Exactly the lines below starting at the line with "Garsoniera este situata" and ending at the line with "El cráneo inspirado" are wanted, with both ends included. Leave out the pictures and add no other lines.

------ Source data ------

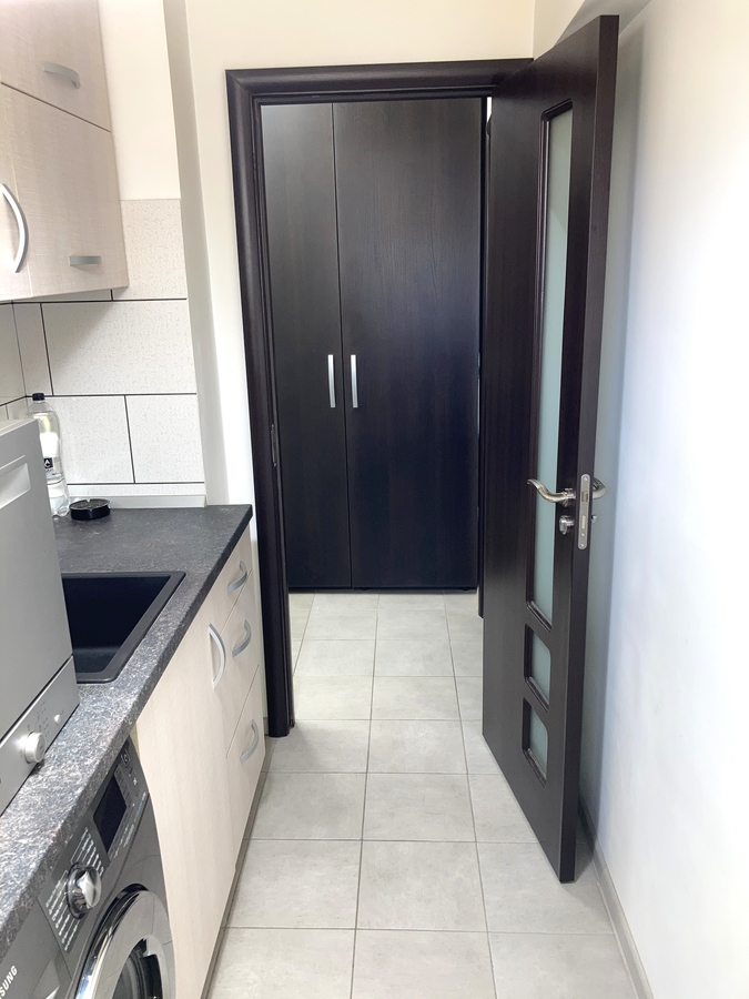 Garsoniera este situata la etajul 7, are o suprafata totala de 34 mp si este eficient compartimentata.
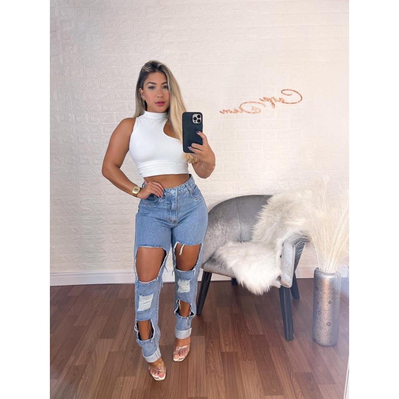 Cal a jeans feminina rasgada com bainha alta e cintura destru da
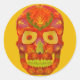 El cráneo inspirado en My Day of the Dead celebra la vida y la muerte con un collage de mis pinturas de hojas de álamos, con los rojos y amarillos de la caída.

------
------ Source data ------

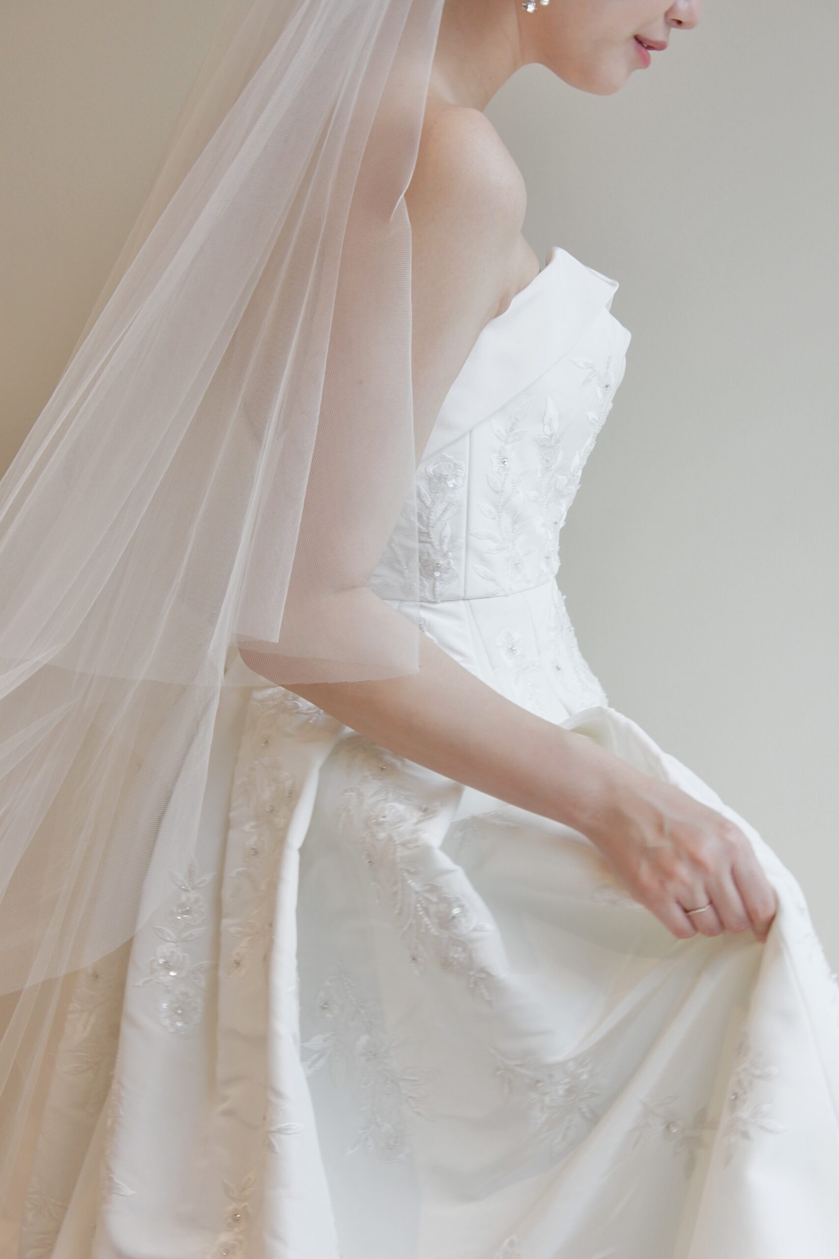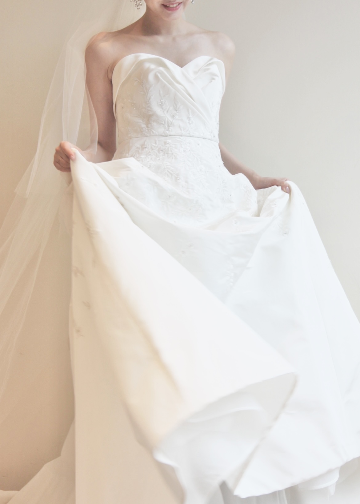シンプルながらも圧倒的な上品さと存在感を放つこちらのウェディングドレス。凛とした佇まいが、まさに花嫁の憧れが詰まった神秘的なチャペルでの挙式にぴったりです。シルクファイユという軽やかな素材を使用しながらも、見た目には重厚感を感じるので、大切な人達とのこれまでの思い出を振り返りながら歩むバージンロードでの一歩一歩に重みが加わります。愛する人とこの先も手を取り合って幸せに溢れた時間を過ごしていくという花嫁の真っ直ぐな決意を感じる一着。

------
------ Source data ------

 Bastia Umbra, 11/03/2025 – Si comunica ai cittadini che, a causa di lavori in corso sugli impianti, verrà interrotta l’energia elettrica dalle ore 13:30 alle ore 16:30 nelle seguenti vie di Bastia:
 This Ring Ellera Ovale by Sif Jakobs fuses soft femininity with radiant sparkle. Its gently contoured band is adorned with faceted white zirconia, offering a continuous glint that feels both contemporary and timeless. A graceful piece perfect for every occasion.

------

→ Expected answer:
 Garsoniera este situata la etajul 7, are o suprafata totala de 34 mp si este eficient compartimentata.
 Cal a jeans feminina rasgada com bainha alta e cintura destru da
 El cráneo inspirado en My Day of the Dead celebra la vida y la muerte con un collage de mis pinturas de hojas de álamos, con los rojos y amarillos de la caída.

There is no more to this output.